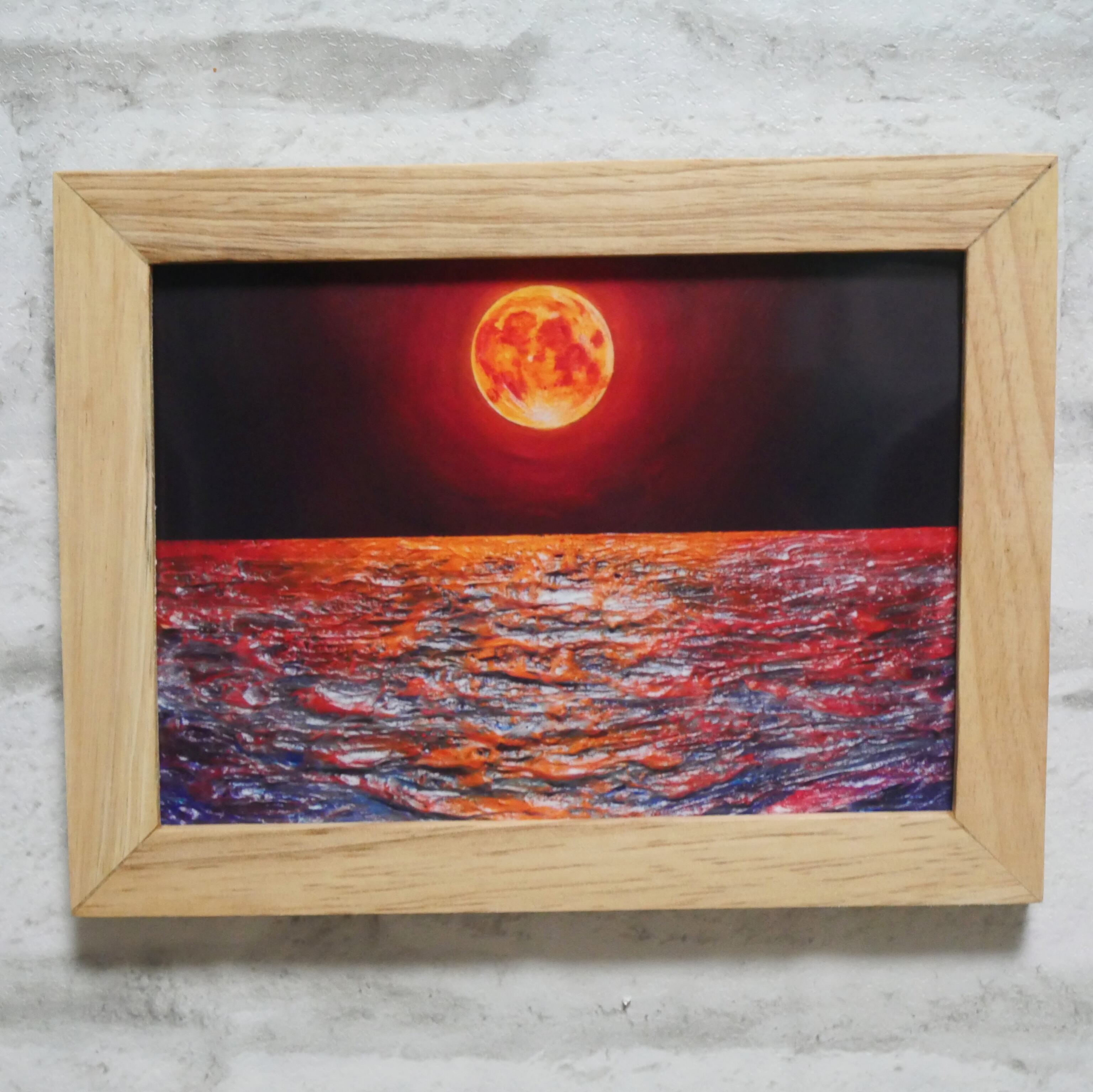 「オレンジの満月」は、赤黒色の夜空に煌めくオレンジ色の満月と、その下で美しく光るオレンジ、赤、紫、青の海を描いた魅力的なポスターカードです。このアートは、色彩の豊かさと神秘的な夜の雰囲気が調和し、観る人に心の安らぎと感動をもたらします。夜空と海との見事なコントラストが、あなたの生活空間に特別な彩りを加えてくれることでしょう。
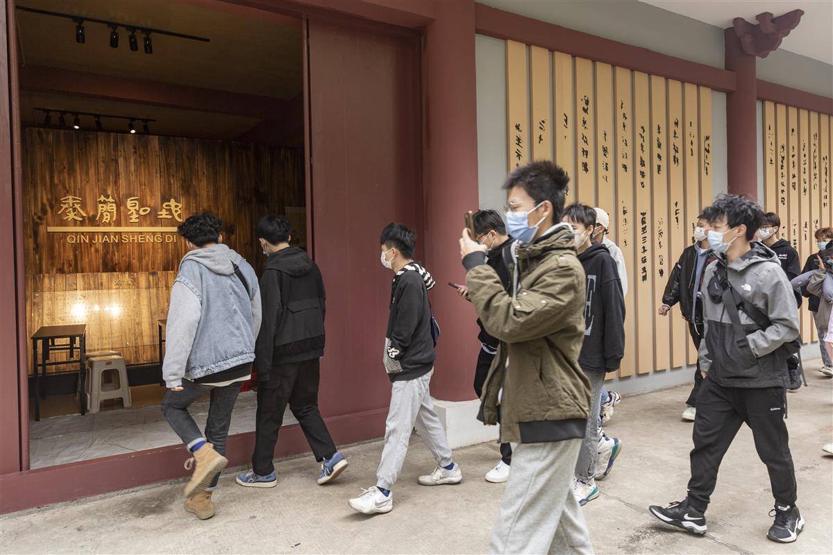 在睡虎地考古遗址参观的青少年(通讯员周亚雄摄)
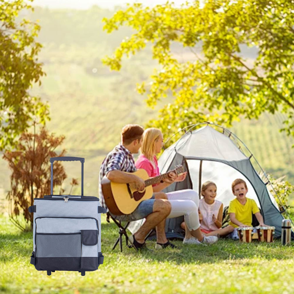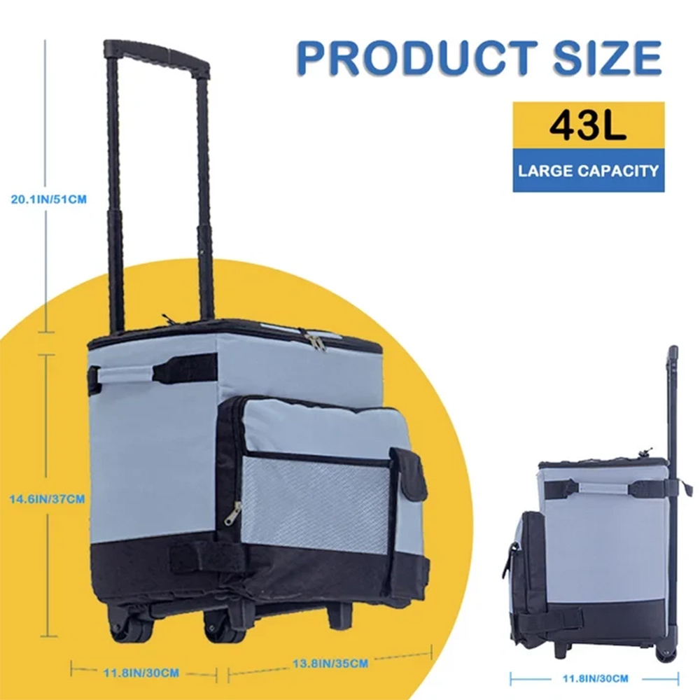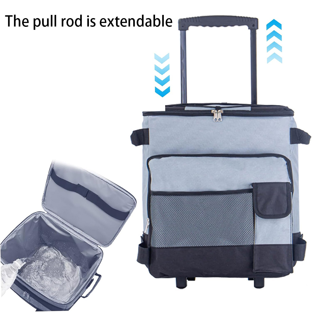 This rolling cooler is a fully insulated leak-proof cooler which can carry anything such as sodas, beer, wine bottles ,sandwiches, chips and other snacks. The front zipper pocket and mesh pockets offer additional storage space, storing keys, phone and wallet and other personal items. And the top elastic rope is for holding picnic mat. Perfect for keeping food and beverages cold during travel, Barbecues, pool parties, picnics, and more. This thermal bag is not only suitable for summer but also can maintain the temperature in winter
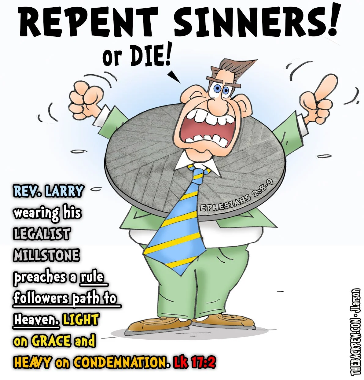 and finally in The Back Pew there must be a warning about those who preach a false gospel, and are found with a millstone around their necks.

** Work to be completed **
Exactly as they appear, print the lines of the listing above from its first line through the line that contains "在睡虎地考古遗址参观的青少年(通讯员周亚雄摄)", minus the pictures.

** Exercise response **
 「オレンジの満月」は、赤黒色の夜空に煌めくオレンジ色の満月と、その下で美しく光るオレンジ、赤、紫、青の海を描いた魅力的なポスターカードです。このアートは、色彩の豊かさと神秘的な夜の雰囲気が調和し、観る人に心の安らぎと感動をもたらします。夜空と海との見事なコントラストが、あなたの生活空間に特別な彩りを加えてくれることでしょう。
 在睡虎地考古遗址参观的青少年(通讯员周亚雄摄)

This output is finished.